American soldier and law enforcement officer

Francis J. Banfield (December 1827 – March 4, 1883) was an American soldier, law enforcement officer, police sergeant and founding member of the New York City Police Department "Steamboat Squad". Born in England, he emigrated to the United States as a child. He worked as a painter in his youth and later served in the Mexican-American War. He lived in California for a time before returning the New York to join the police force in June 1857.

He was first assigned to the Eleventh Ward under Captain Peter Squires, where he was appointed a sergeant, and served as acting precinct captain before being transferred to the Eighteenth Precinct commanded by Captain John Cameron. During the New York Draft Riots in 1863, the station house was destroyed by rioters. While the precinct was being attacked, Banfield had been ordered to guard the State Armory, then considered a likely target by the rioters, and held the building until he and his 20-man police force were relieved by the Broadway Squad under Sergeant Cornelious Burdick at around 2:00 am.

Banfield was made acting precinct captain of the Twenty-Third Precinct when Captain Palmer was dismissed from the force due to cowardice. He and Sergeant William Jamieson both competed to win the position on a permanent basis, a rivalry which Jamieson eventually won, and Banfield was sent back to the Eighteenth Precinct after Captain Charles N. Brackett took command of the Twenty-First Precinct.

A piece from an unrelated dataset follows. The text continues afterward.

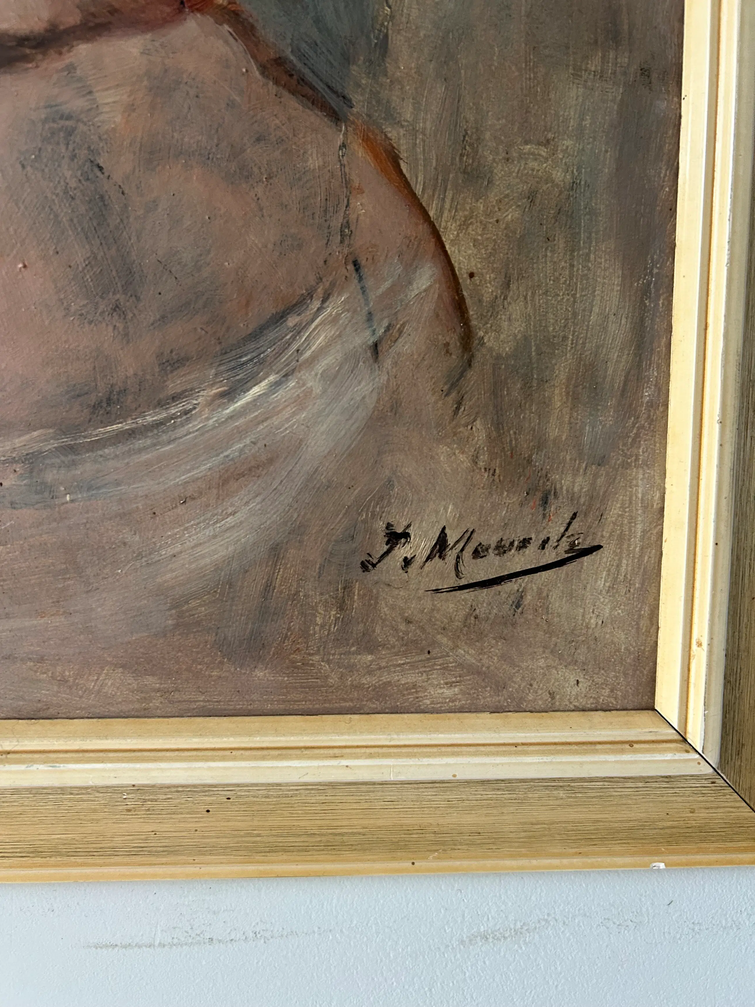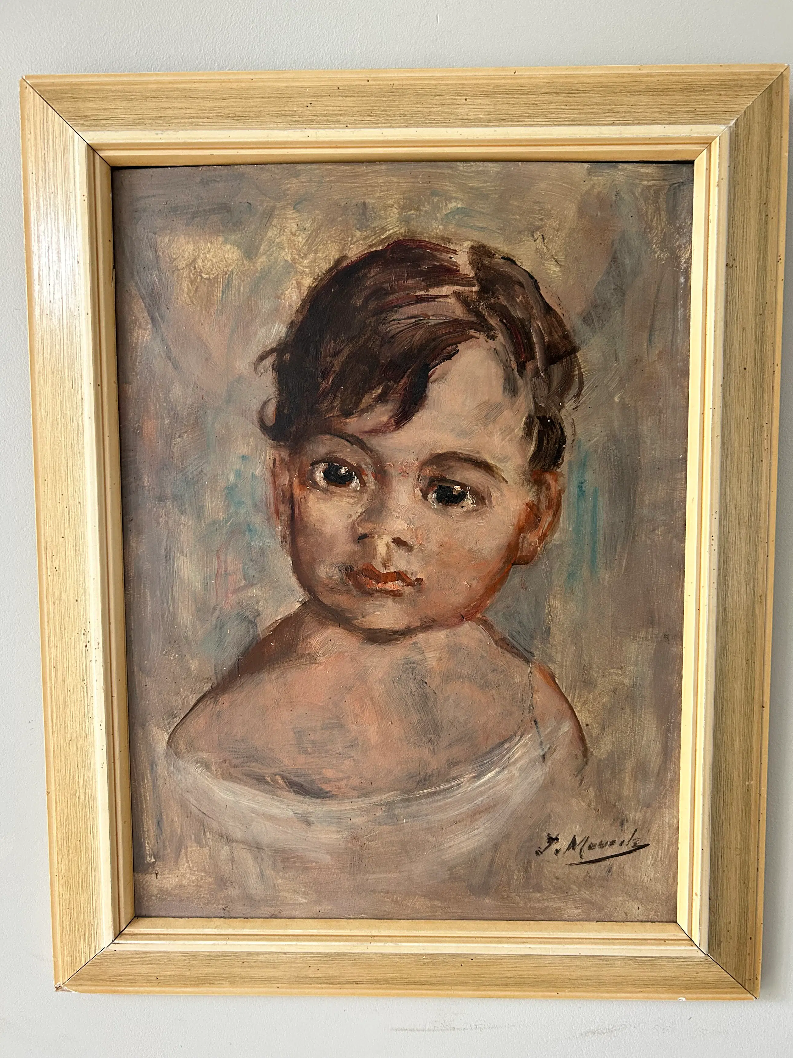 Jacques van Mourik (1879–1971), de grondlegger van de kunstenaarskolonie in Plasmolen, staat bekend om zijn sfeervolle portretten, waaronder een bijzondere serie van Molukse kinderen. Na de aankomst van Molukse KNIL-militairen in Nederland (1951) werd in Plasmolen een woonoord ingericht. Van Mourik en zijn collega-kunstenares Jopie van Kampen raakten bevriend met de bewoners en schilderden de kinderen die in dit kamp woonden. Dit is een lieflijk portret van een jong kind. Prachtig geschilderd op paneel en in de originele houten lijst.

Once again under Captain Cameron's command, Banfield remained one of his closest officers until his death in 1871.

He spent time in the First, Seventh and Thirteenth Precincts until joining the "Steamboat Squad" under Sergeant George W. Gastlin. The squad was a special unit formed by Police Commissioner Joel B. Erhardt for the purpose of combating river pirates and criminal gangs active on the New York waterfront. Banfield continued to serve with the squad until his death from consumption at his son's Java Street home on March 4, 1883.